USP General Chapter <800> provides standards for safe handling of hazardous drugs to minimize the risk of exposure to healthcare personnel, patients and the environment. The National Institute for Occupational Safety and Health (NIOSH) considers drugs to be hazardous that exhibit one or more of the following characteristics in humans or animals: carcinogenicity, teratogenicity or developmental toxicity, reproductive toxicity, organ toxicity at low doses, genotoxicity, or structure and toxicity profiles of new drugs that mimic existing hazardous drugs. General Chapter <800> describes requirements including responsibilities of personnel handling hazardous drugs; facility and engineering controls; procedures for deactivating, decontaminating and cleaning; spill control; and documentation. These standards apply to all healthcare personnel who receive, prepare, administer, transport or otherwise come in contact with hazardous drugs.

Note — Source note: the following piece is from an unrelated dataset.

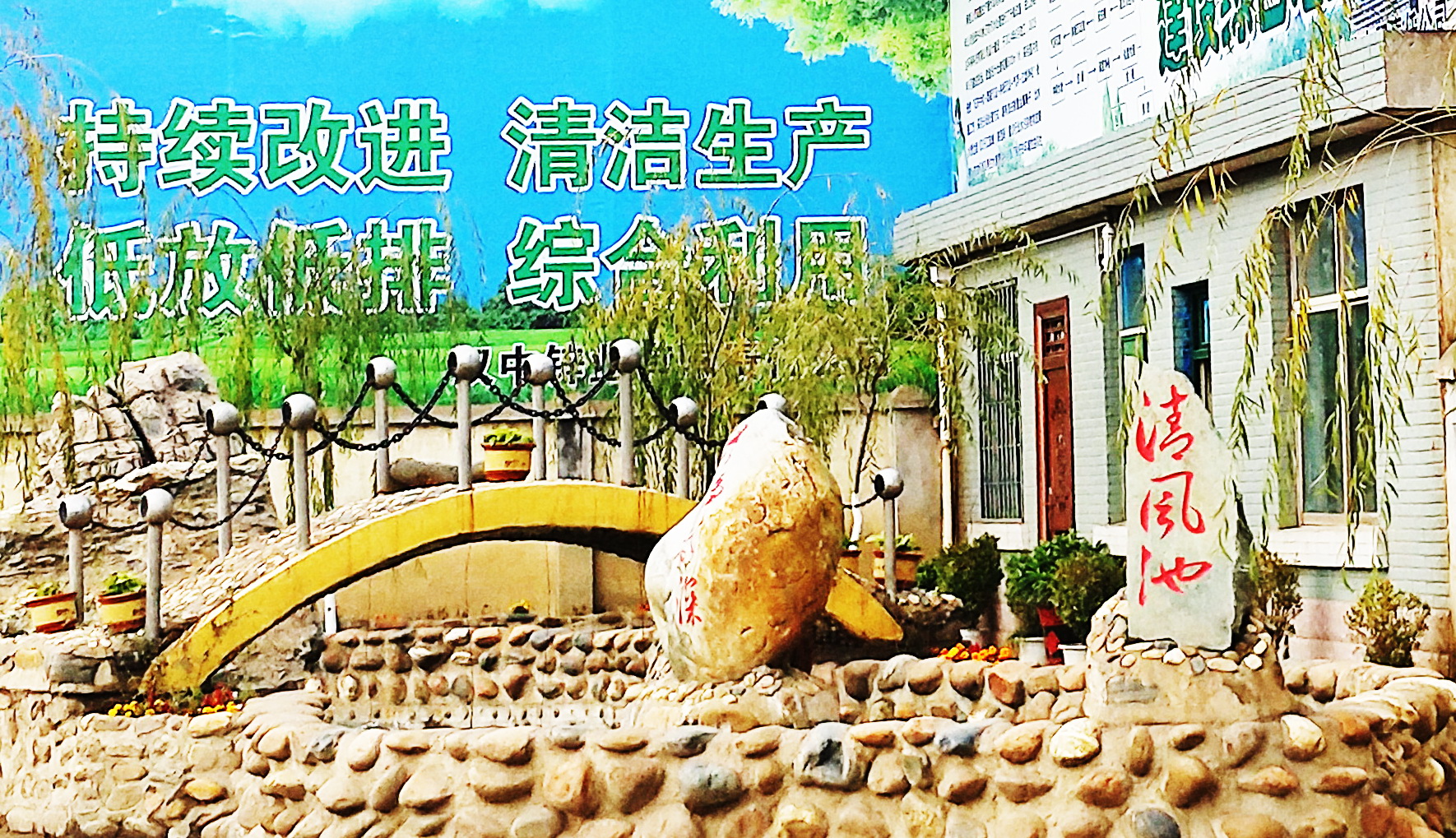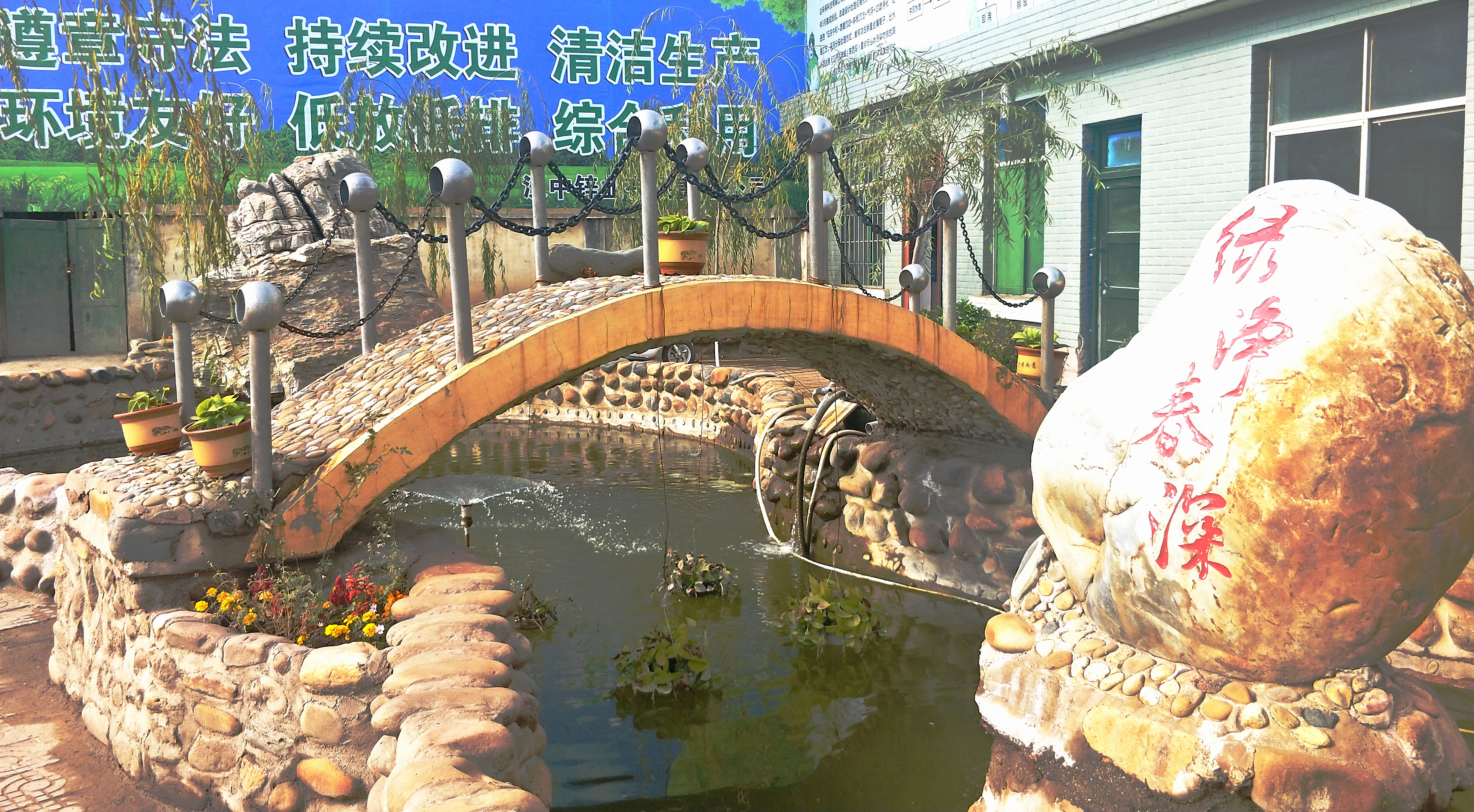最吸引眼球的莫過于車間辦公室前面的小花池了!形色各異的石頭砌就的圍堰獨具特色,碧綠的池水上架著一座微型拱橋,廢舊物料制作的銀白色立柱、圓球形套環與黑褐色鐵鏈組成的安全護欄,一下子把小橋裝扮得韻味十足。兩塊形態獨特的文化石屹立在池水中,一塊寫著“清風池”,另一塊寫著“綠凈春深”;水面上的噴頭如一朵小蓮花正吐露著銀色的水花;難得的暖陽灑向水面,紅色、黃色、銀白色的小金魚聞聲成群結隊地向我們游來,不時激起一圈圈漣漪。“清風池”上微風徐來,“綠凈春深”意境悠遠,怎一個美字了得?不由得讓人駐足觀望,仿佛自己走進了鬧市中公園一角。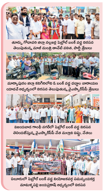 మంగళవారం వైఎస్సార్సీపీ నిర్వహించిన ఆందోళన కార్యక్రమంలో వైఎస్సార్సీపీ నేతలతో పాటు ప్రజలు భాగస్వాములు కావటం విశేషం. దీంతో నిరసన కార్యక్రమం దిగి్వజయమైంది. ఈ సందర్భంగా సీఎం చంద్రబాబు సర్కార్ వైఫల్యాన్ని నేతలు ఎండగట్టారు. ‘ఏపీలో మద్యం పుల్ .. డీజిల్ పెట్రోల్ నిల్, పెట్రోల్, డీజిల్ వెంటనే సరఫరా చేయాలి, దేశంలో ఇతర రాష్ట్రాల్లో ఎక్కడా సంక్షోభం లేదు.. ఇక్కడే ఎందుకు? ఇది పూర్తిగా ప్రభుత్వ అసమర్థత ప్రభుత్వం, ఇంధనం అవసరమైనంత అందుబాటులో ఉండేలా ప్రభుత్వం తక్షణ చర్యలు తీసుకోవాలి’ అంటూ రాసిన ప్లకార్డులు వైఎస్సార్సీపీ నాయకులు చేతపట్టుకొని బంకుల వద్ద నిరసన తెలిపారు.

The General Chapter was first published on Feb. 1, 2016, in USP 39–NF 34, First Supplement, and will become official on July 1, 2018. The delayed official implementation date allows facilities more than two years to implement the new standard.
USP General Chapter <800> was published twice in the Pharmacopeial Forum or public comment. USP received over 1,300 comments from approximately 150 stakeholders during the second public comment period (Dec. 1, 2014, to May 31, 2015). All of the public comments were reviewed by the USP Compounding Expert Committee and many of them are incorporated in the final published chapter. Read the Compounding Expert Committee’s responses to the public comments in the Commentary (posted Feb. 1, 2016).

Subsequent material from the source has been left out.